Henri Lehmann (; 14 April 1814 – 30 March 1882) was a German-born French historical painter and portraitist.

Life
Born Heinrich Salem Lehmann in Kiel, in the Duchy of Holstein, he received his first art tuition from his father Leo Lehmann (1782–1859) and from other painters in Hamburg. In 1831, at the age of 17, he travelled to Paris to study art under Jean Auguste Dominique Ingres, becoming one of his most accomplished pupils and a close associate for many years. His first exhibition was at the Salon in 1835 where he won a second-class medal. Thereafter he exhibited regularly at the Salon, winning first-class medals in 1840, 1848 and 1855.
 
Lehmann lived in Rome from 1838–41, where he continued his artistic education with Ingres (who was by then Director of the Académie de France there), and collaborated with him on some works—including Ingres' painting Luigi Cherubini and the Muse of Lyric Poetry. In Rome Lehmann befriended Franz Liszt and his lover, the author Marie d'Agoult, corresponding with them for many years and painting portraits of them.

Lehmann settled permanently in Paris in 1842. He was awarded many commissions for large-scale public works, such as at the Hôtel de Ville, the Church of Ste-Clothilde, the Palais du Luxembourg, the Palais de Justice, and the Chapel of the Jeunes Aveugles in the Church of Saint-Merri on Rue Saint-Martin.
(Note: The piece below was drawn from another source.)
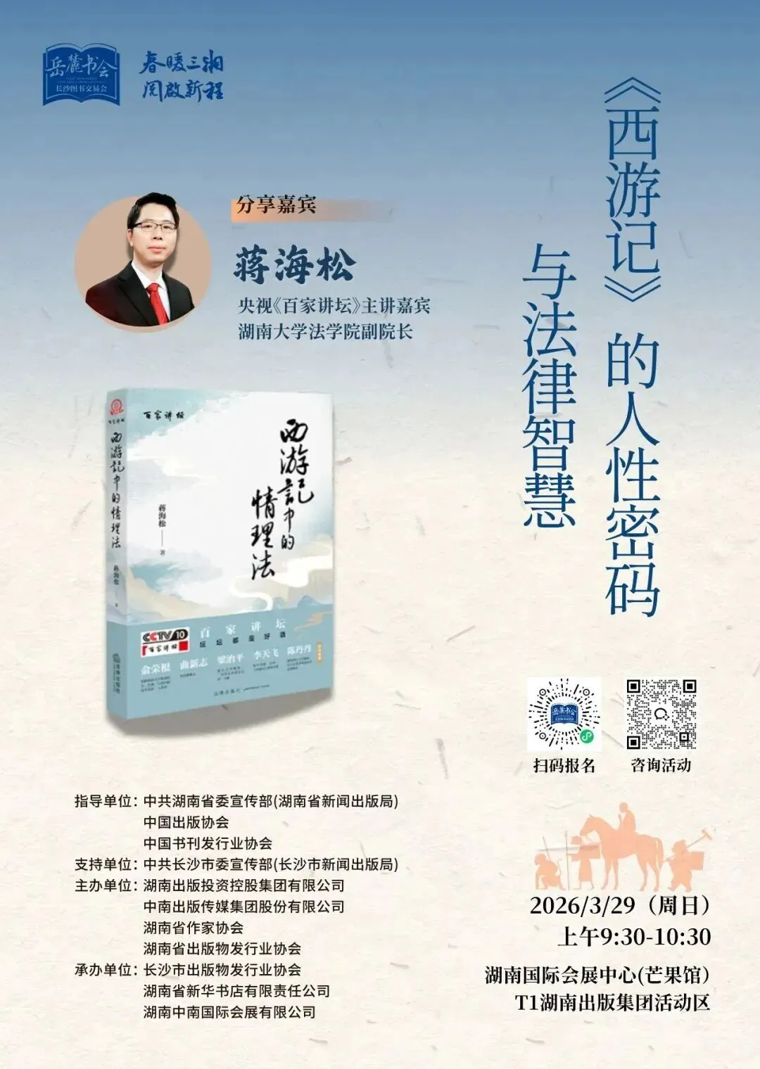 湖南大学法学院副院长蒋海松 教授将携新书《西游记中的情理法》做客2026岳麓书会,让我们换个角度读西游。

In 1846 Lehmann received the Légion d'honneur and in 1847 became a French citizen, opening his studio in that same year. In 1861 he became a teacher at the famous École des Beaux-Arts and was appointed Professor in 1875. He founded the Lehmann Prize to recognise academic excellence in art. In 1864 he was elected a member of the Institut de France.
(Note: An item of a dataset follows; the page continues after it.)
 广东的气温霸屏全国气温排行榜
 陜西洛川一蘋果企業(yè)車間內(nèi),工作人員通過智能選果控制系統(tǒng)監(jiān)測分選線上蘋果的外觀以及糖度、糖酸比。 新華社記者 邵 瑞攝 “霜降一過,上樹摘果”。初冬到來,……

He died in Paris in 1882. His brother Rudolf Lehmann was also a well-known portrait artist.

Pupils of Lehmann
Edmond Aman-Jean
Édouard Joseph Dantan
Julien Dupré
Amédée Forestier
Alphonse Osbert
Camille Pissarro
Alexandre Séon
Georges Seurat
Modesto Brocos

Work

Lehmann was a painter of portraits, religious, genre, historical, allegorical and literary works. He drew inspiration from classical mythology, Shakespeare, Goethe, and contemporary writers. Sometimes considered dry and academic, the best of his work can be both pure in line and graceful in form. Among the best of his canvases are:

Jephtha's Daughter (1836)
Grief of the Oceanides (1850)
Prometheus
Erigone's Dream
Venus Anadyomene
Adoration of Magi and Shepherds (1855, Rheims Museum)
Marriage of Tobias (1866)

Mural paintings include those in the chapels of the church of St. Merry, on the ceiling of the Great Hall in the Palais de Justice, and in the Throne Hall, Luxembourg Palace.
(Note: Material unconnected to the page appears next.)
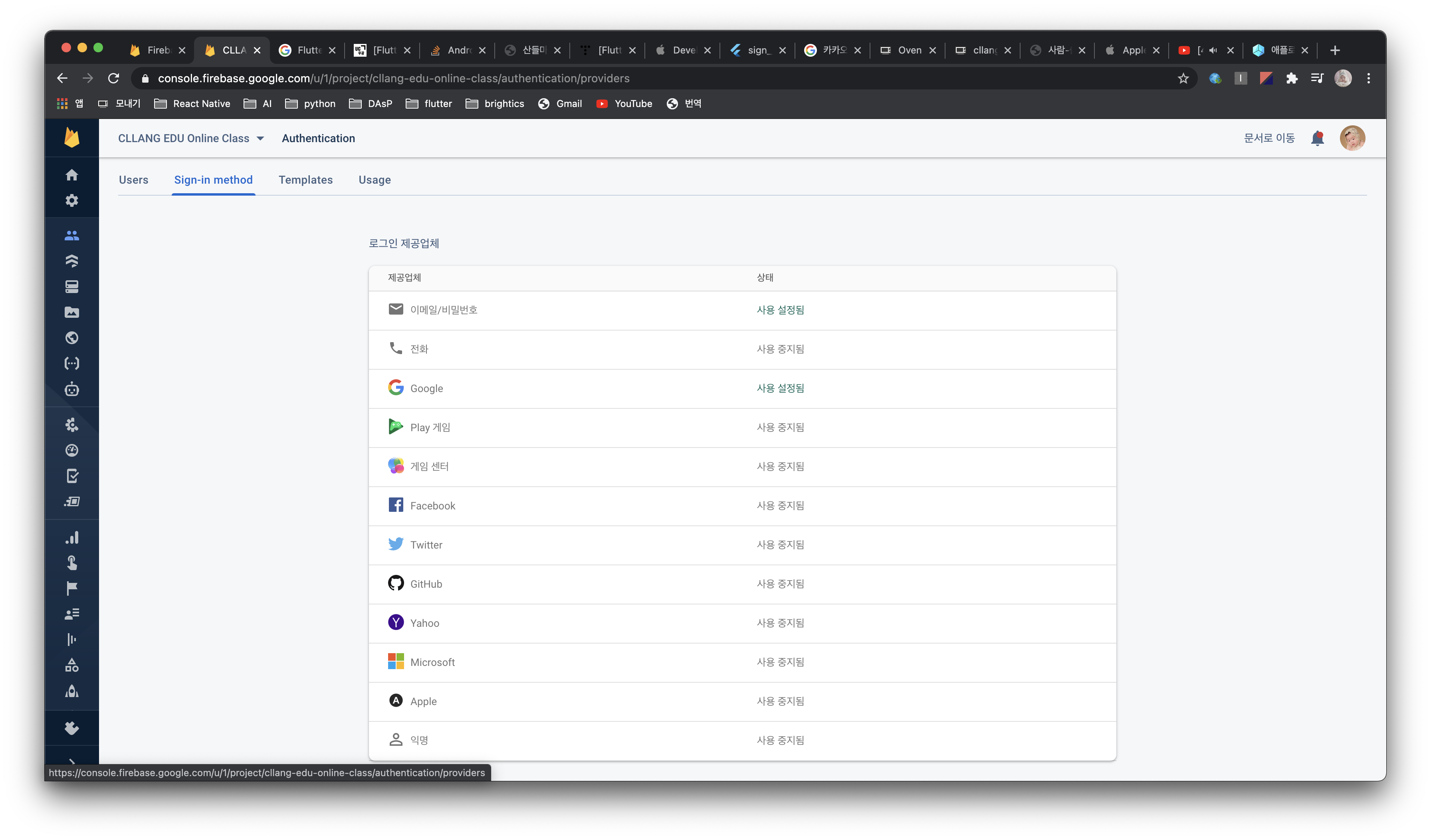 Firebase의 Authentication 플랫폼은 로그인을 하기 위한 인증 서비스이다. 이 곳에 Apple 로그인 기능을 추가해야 한다.

He painted numerous portraits of celebrated contemporaries, including Edmond About, Marie d'Agoult, Princess Christina Belgiojoso, Chopin, Victor Cousin, Charles Gounod, Ingres, Liszt, and Stendhal. He painted a portrait of himself for the Uffizi Gallery, Florence.

References

Sources
Boulanger, Gustave, Notice sur M. Lehmann, speech memorializing Lehmann, with many biographical and personal details, delivered before the Académie des Beaux-Arts, session of 27 January 1883.
Jouin, Henri Auguste. Maîtres contemporains, Paris: Perrin et cie, 1887; chapter 6, p. 150 ff.
Lehmann, Rudolf, An Artist's Reminiscences, London: Smith, Elder & Co., 1894.
Turner, Jane (Ed.). The Grove Dictionary of Art: From Monet to Cézanne: Late 19th-Century French Artists, St. Martin's Press, 2000; pp. 270–271.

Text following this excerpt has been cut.